**Work item**
Your output should be the lines below from the one with "The Tasmania 3D" through the one with "- Patented Design", copied exactly, pictures excluded.

##### Records for the exercise #####

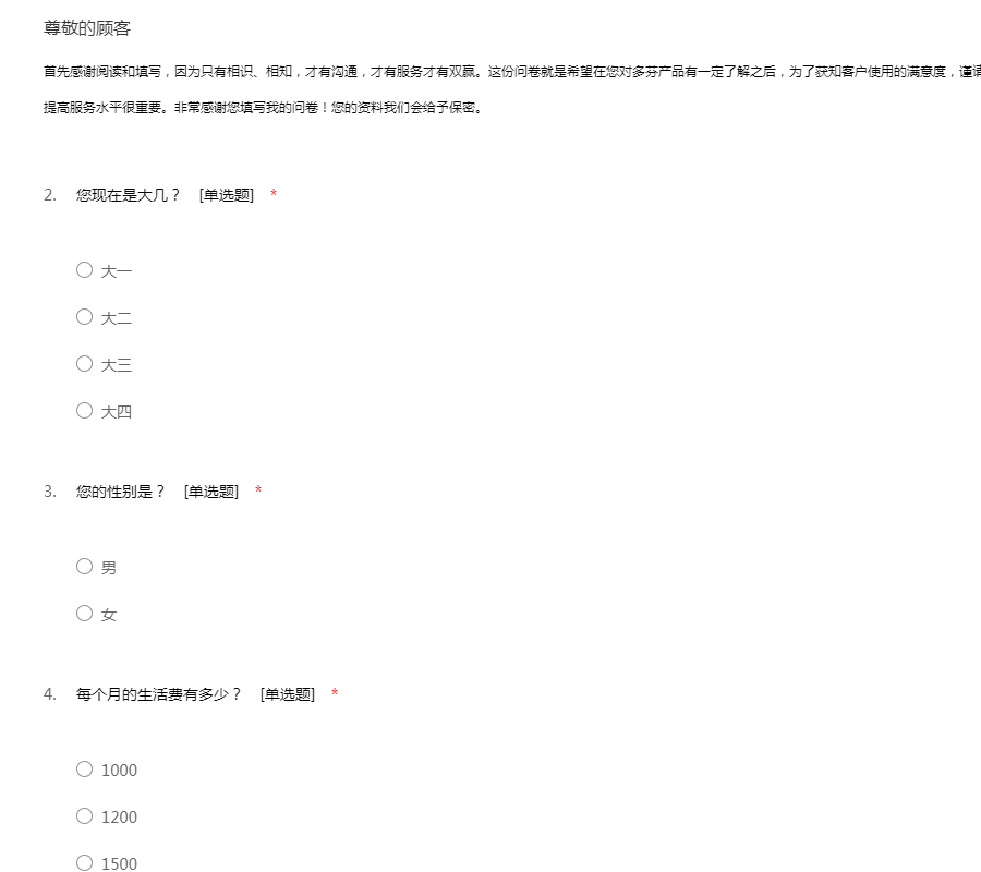 首先感谢阅读和填写,因为只有相识、相知,才有沟通,才有服务才有双赢。这份问卷就是希望在您对多芬产品有一定了解之后,为了获知客户使用的满意度,谨请您填写一下问题,您的回答对我们完成这次调查提高服务水平很重要。非常感谢您填写我的问卷!您的资料我们会给予保密。
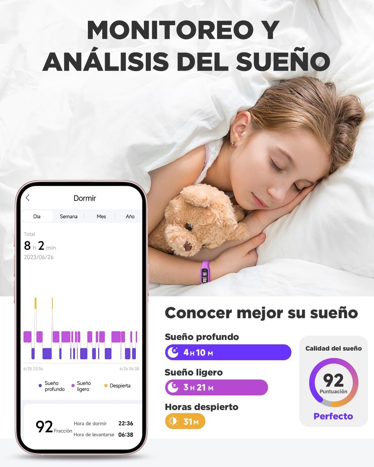 BIGGERFIVE Vigor 2 L Reloj Fitness para Niños y Niñas de 5 a 15 Años, Seguimiento de Actividad, Pulsómetro y Sueño, IP68 Resistente al Agua, Podómetro, Contador de Calorías, Morado Baterías : Se requieren 1 batería de polímero de litio. (incluido) Dimensiones del producto : 21 x 2 x 1 cm; 20 gramos Fabricante : BIGGERFIVE ASIN : B0DGGMFZLP Número de modelo del producto : BF200L País/Región de origen : China Actualizaciones de software garantizadas hasta : desconocido Reseñas de clientes: 4,0 4,0 de 5 estrellas (1440) var dpAcrHasRegisteredArcLinkClickAction; P.when(‘A’, ‘ready’).execute(function(A) { if (dpAcrHasRegisteredArcLinkClickAction!== true) { dpAcrHasRegisteredArcLinkClickAction = true; A.declarative( ‘acrLink-click-metrics’, ‘click’, { «allowLinkDefault»: true }, función (evento) { if (window.ue) { ue.count(«acrLinkClickCount», (ue.count(«acrLinkClickCount») || 0) + 1); P.when(‘A’, ‘cf’).execute(function(A) { A.declarative(‘acrStarsLink-click-metrics’, ‘click’, { «allowLinkDefault»: true }, function(event){ if(window.ue) { ue.count(«acrStarsLinkWithPopoverClickCount», (ue.count(«acrStarsLinkWithPopoverClickCount») || 0) + 1); } }); (SEGUIMIENTO DE ACTIVIDAD TODO EL DÍA) Realice un seguimiento de los pasos diarios de su hijo, las calorías quemadas y la distancia recorrida. Para mantener alta la motivación, los niños obtienen medallas virtuales cuando alcanzan objetivos de actividad específicos, lo que hace que el ejercicio sea divertido y atractivo. (Más de 10 MODOS DEPORTIVOS Y IMPERMEABLE IP68) Desde correr hasta baloncesto, fútbol y ciclismo, nuestro rastreador de actividad física para niños admite más de 10 modos deportivos diferentes. Ya sea que su hijo esté nadando (IP68 resistente al agua, seguro para la piscina pero no para el agua de mar) o duchándose, el rastreador BIGGERFIVE está diseñado para seguir su estilo de vida activo. (MONITORIO DE FRECUENCIA CARDÍACA Y SUEÑO) Manténgase informado sobre los datos de frecuencia cardíaca de su hijo las 24 horas del día, los 7 días de la semana. La función de monitorización del sueño de nuestro reloj para niños proporciona información sobre las diferentes etapas del sueño, como la duración del sueño profundo, y ofrece consejos útiles para mejorar la calidad del sueño. (BANDA CÓMODA Y BATERÍA DE LARGA DURACIÓN) Fabricado con una banda de silicona suave y liviana, este podómetro para niños está diseñado para brindar comodidad durante todo el día. Disfruta de una batería de larga duración de hasta 7 días con una sola carga, con un tiempo de recarga de solo 2 horas. (REGALO PERFECTO PARA UNA OCASIÓN ESPECIAL) Bellamente empaquetado, el reloj deportivo para niños es un regalo ideal para cumpleaños, Navidad o cualquier ocasión especial. Combinado con la aplicación BIGGERFIVE, puede explorar funciones adicionales y acceder a informes detallados de actividad y salud, lo que la convierte en una herramienta fantástica tanto para niños como para padres.
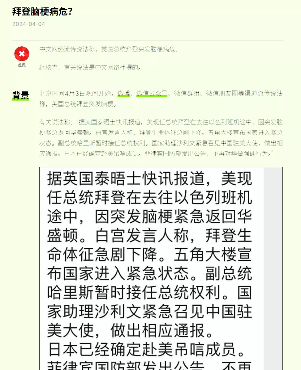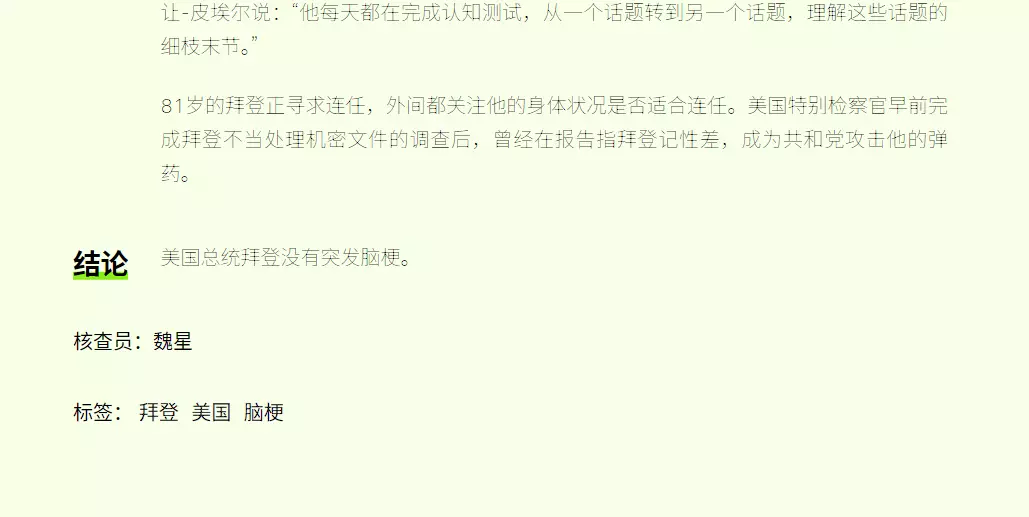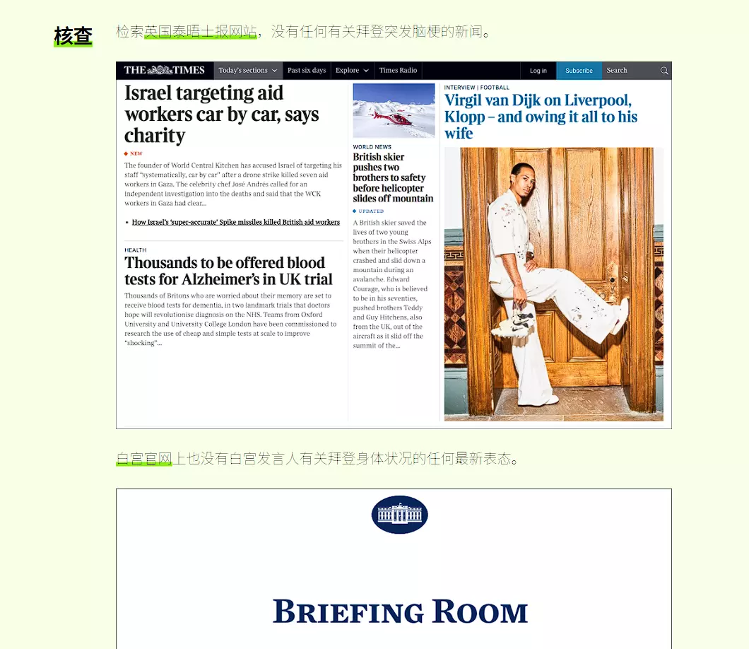 站点通过背景、核查、结论三个部分介绍一个事件的真实性,整个流程逻辑上来说是没有问题的,如果你感兴趣,可以自行随便查看一个。
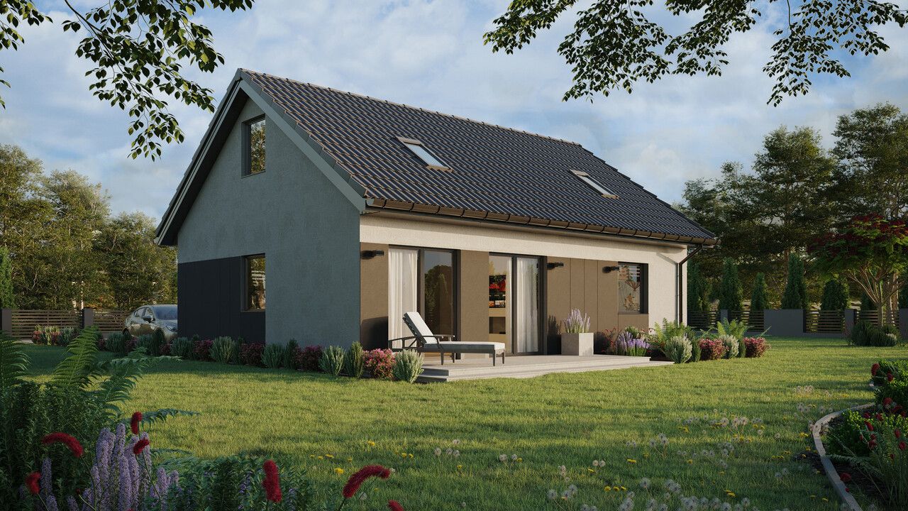 ERDOL 1 XL in der gewählten Konfiguration hat ein Satteldach mit nutzbarem Dachgeschoss mit einer Neigungswinkel 35 Grad und ist mit EUROCOLOR SYNEGO PVC-Tischlerarbeiten auf einem 80 mm breiten Profil der Marke REHAU in den Farben Anthrazit ausgestattet.
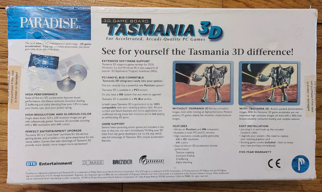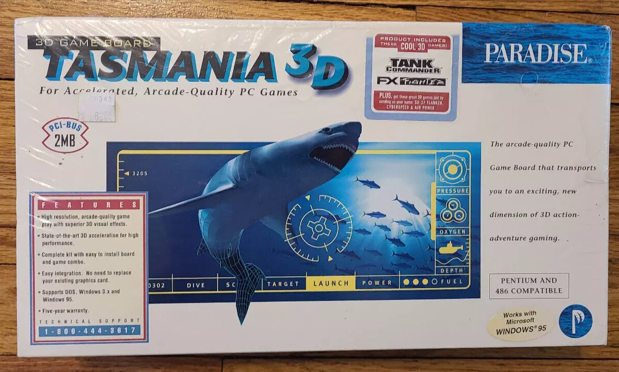 The Tasmania 3D was a dedicated 3D graphics accelerator sold by Western Digital under the Paradise brand in late 1995.
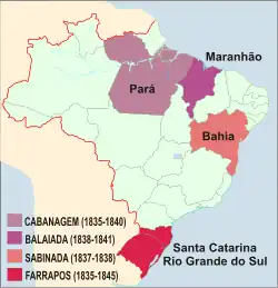Among the rebellions there were three slave revolts: the Carrancas Revolt in Minas Gerais (1833), the Malê Revolt in Salvador (1835) and the Manuel Congo revolt in Rio de Janeiro (1838).[21] In a period of nine years, rebellions broke out in almost all of Brazil, most of them resulting from the dissatisfaction of the regional elites allied with the urban middle class (made up of liberal workers such as journalists, officials and the military) who, dissatisfied with the central power in Rio de Janeiro, protested against the economic hardships, the increase of taxes and the appointment of governors without local support.[19]
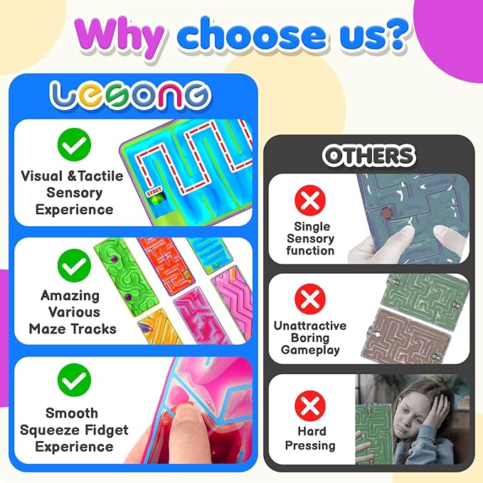 - Patented Design Quiet Fidget Sensory Toys: Kids love them and adults love them too! Relieve stress and anxiety, eliminate emotional outbursts and anger as you squeeze the squishy balls through the maze. These kids fidget toys are perfect for helping students calm down when they get frustrated with homework or toddlers have tantrums. They are also a good sensory fidget toys to help adults focus more and release stress at work, and the silent design is a great way to not worry about causing interruptions
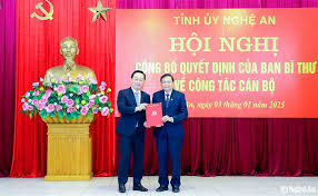 Ngày 3/1, thay mặt Ban Tổ chức Trung ương, Vụ trưởng Vụ địa phương I, Ban Tổ chức Trung ương Nguyễn Văn Tùng đã công bố Quyết định số 1789-QĐNS/TW, ngày 31/12/2024 của Ban Bí thư Trung ương Đảng về việc chuẩn y đồng chí Lê Hồng Vinh, Ủy viên Ban Thường vụ Tỉnh ủy, Phó Chủ tịch Thường trực UBND tỉnh giữ chức Phó Bí thư Tỉnh ủy Nghệ An, nhiệm kỳ 2020 - 2025.
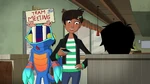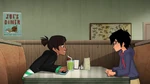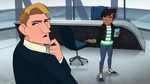 Hiro explains the whole story and the scene shifts forty-eight hours earlier at Joe's Diner. During Hiro's lunch date with Megan Cruz, Megan was distracted by the slow progress on her Big Hero 6 investigation. After receiving a text from Chief Cruz that Momakase escaped from prison, Megan decides to change the subject and invites Hiro to a movie. At that moment, Fred (in his Fredmeleon suit) summons Hiro to a mandatory meeting, forcing Hiro to leave Megan. At Frederickson Candy Co., the team tries tracking Momakase with Basemax, only to turn up without a trace due to Momakase taking precaution. Big Hero 6 decide to head out on night patrol despite their relations with Cruz and the SFPD. Meanwhile, Megan analyzes the relationship between Alistair Krei and Momakase and sets out to interview Krei. Krei denies associations with the heroes, and when Megan presses for more, Krei forces her out. As Megan leaves, she notices Hiro's picture among Krei's employees and takes a picture of it for her conspiracy wall.
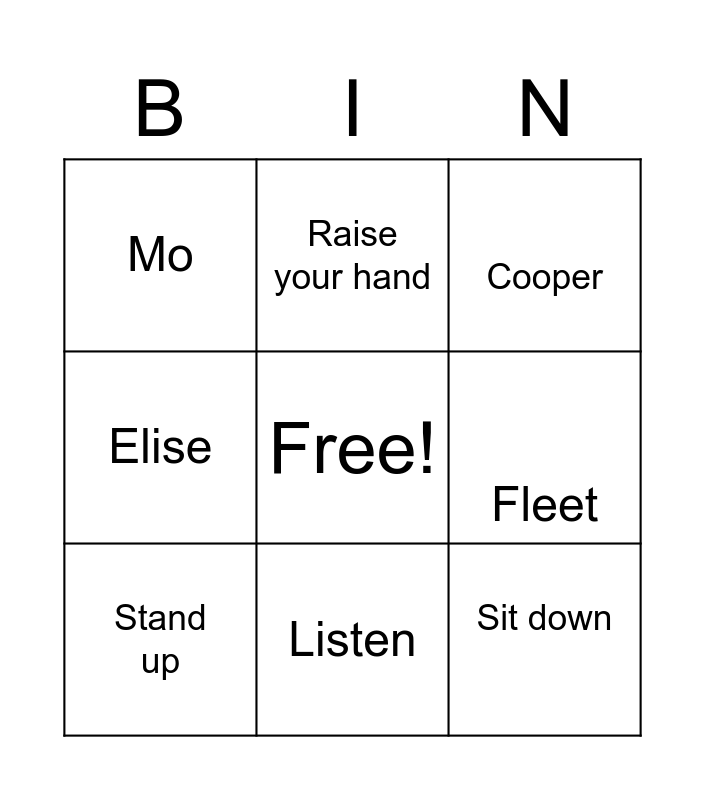 This bingo card has a free space and 11 words: Be quiet, Listen, Sit down, Stand up, Raise your hand, Cooper, Fleet, Tom Thunder, Elise, Mo and Dan.
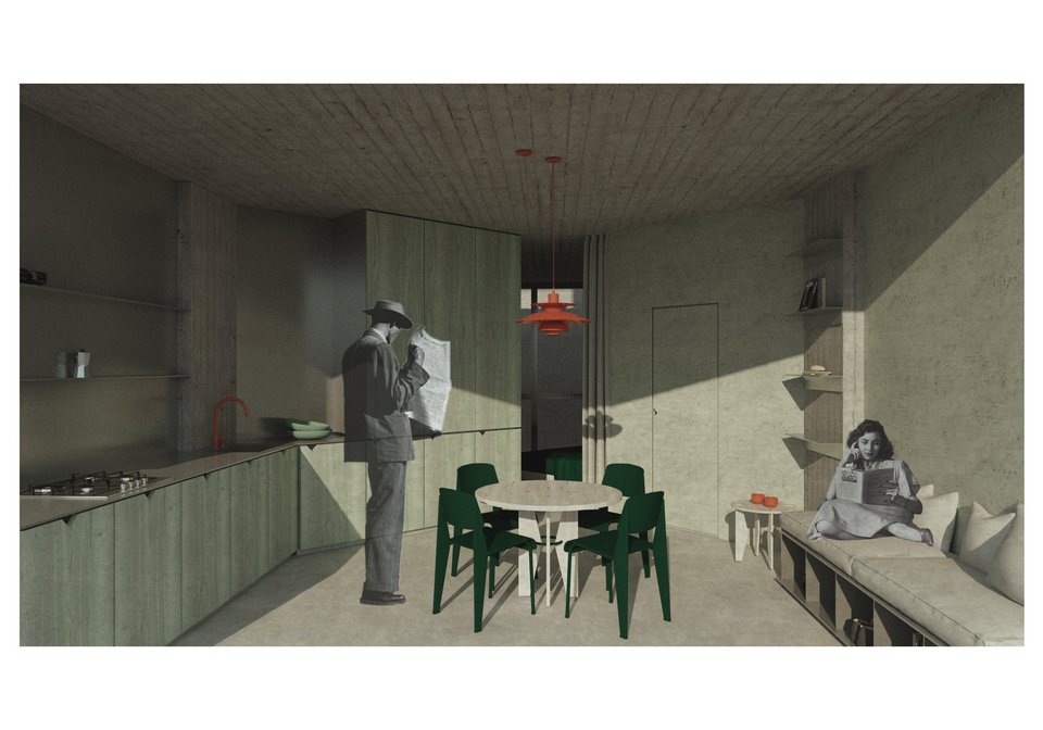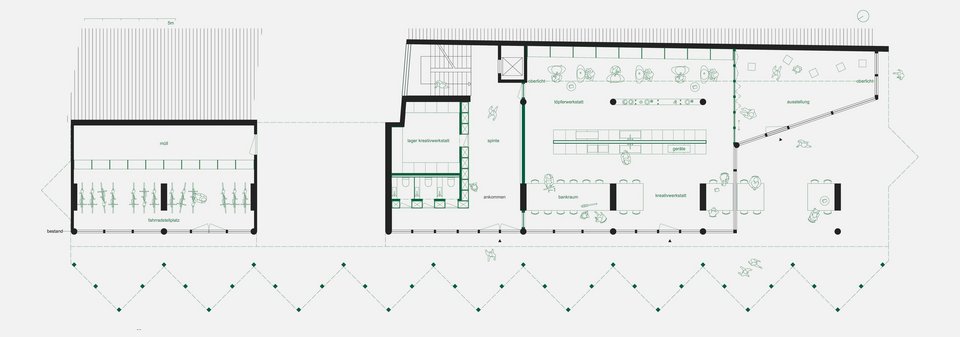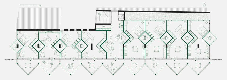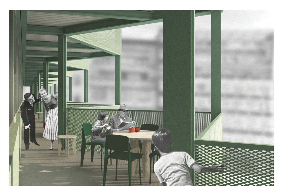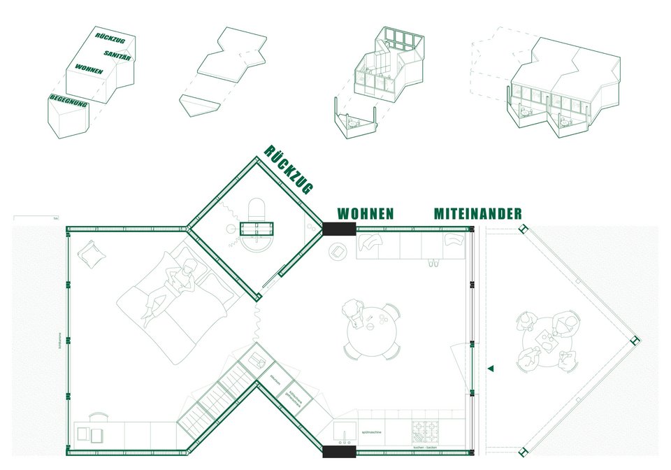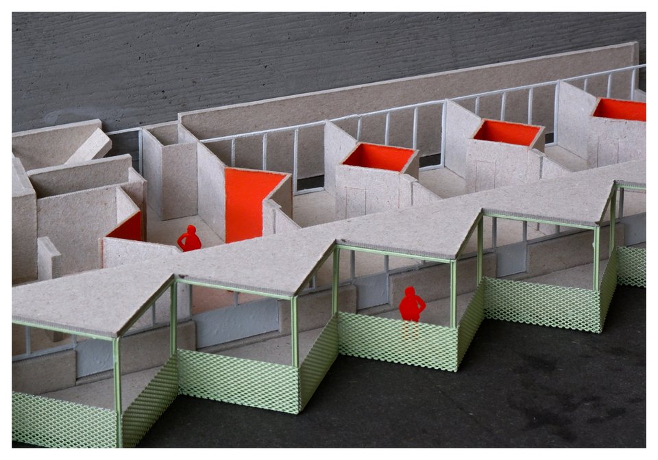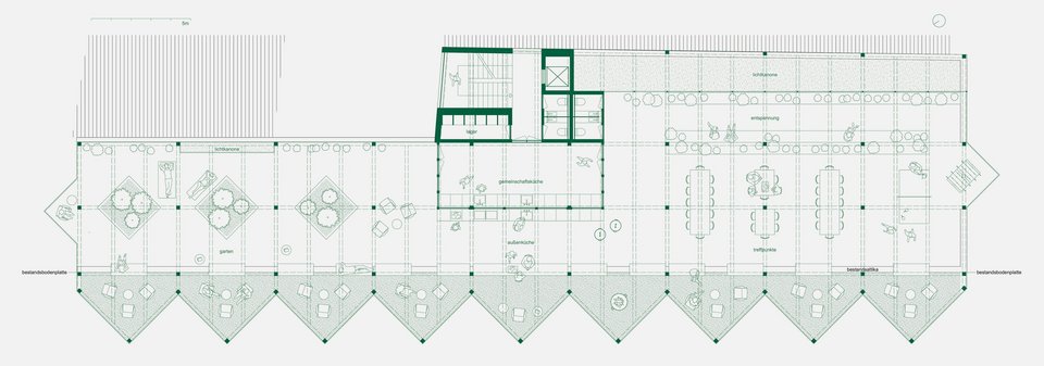 “Ecken und Kanten” fördert Gemeinschaft, gewährleistet gleichzeitig private Rückzugsorte, die Raum für Individualität und persönliche Entfaltung bieten. Eine klare Zonierung zwischen öffentlichen, privaten und gemeinschaftsfördernden Bereichen ist dabei von entscheidender Bedeutung, um eine harmonische Atmosphäre im Haus zu schaffen. Im Zentrum des Gebäudes befinden sich gemeinschaftsfördernde Bereiche, in denen Aktivitäten wie gemeinsames Waschen, Kochen und Gemütliches Beisammensein stattfinden können. Durch Erker in den Laubengängen entstehen zudem Begegnungsorte, die den Bewohner*innen zusätzliche Möglichkeiten bieten, miteinander in Kontakt zu treten und sich auszutauschen. Im Dachgeschoss erwartet die Bewohner*innen eine grüne Oase, in der sie Licht, Luft und Sonne unter der Pergola des Gerüsts genießen können. Der Erdgeschossbereich wird zu einem Raum für Treffpunkte. Hier entsteht ein Gemeinschaftsprojekt, das der Öffentlichkeit zugänglich ist und durch Kreativräume und kleine Ausstellungsorte belebt wird.

#####

**Answer to this task**
 The Tasmania 3D was a dedicated 3D graphics accelerator sold by Western Digital under the Paradise brand in late 1995.
Among the rebellions there were three slave revolts: the Carrancas Revolt in Minas Gerais (1833), the Malê Revolt in Salvador (1835) and the Manuel Congo revolt in Rio de Janeiro (1838).[21] In a period of nine years, rebellions broke out in almost all of Brazil, most of them resulting from the dissatisfaction of the regional elites allied with the urban middle class (made up of liberal workers such as journalists, officials and the military) who, dissatisfied with the central power in Rio de Janeiro, protested against the economic hardships, the increase of taxes and the appointment of governors without local support.[19]
 - Patented Design Quiet Fidget Sensory Toys: Kids love them and adults love them too! Relieve stress and anxiety, eliminate emotional outbursts and anger as you squeeze the squishy balls through the maze. These kids fidget toys are perfect for helping students calm down when they get frustrated with homework or toddlers have tantrums. They are also a good sensory fidget toys to help adults focus more and release stress at work, and the silent design is a great way to not worry about causing interruptions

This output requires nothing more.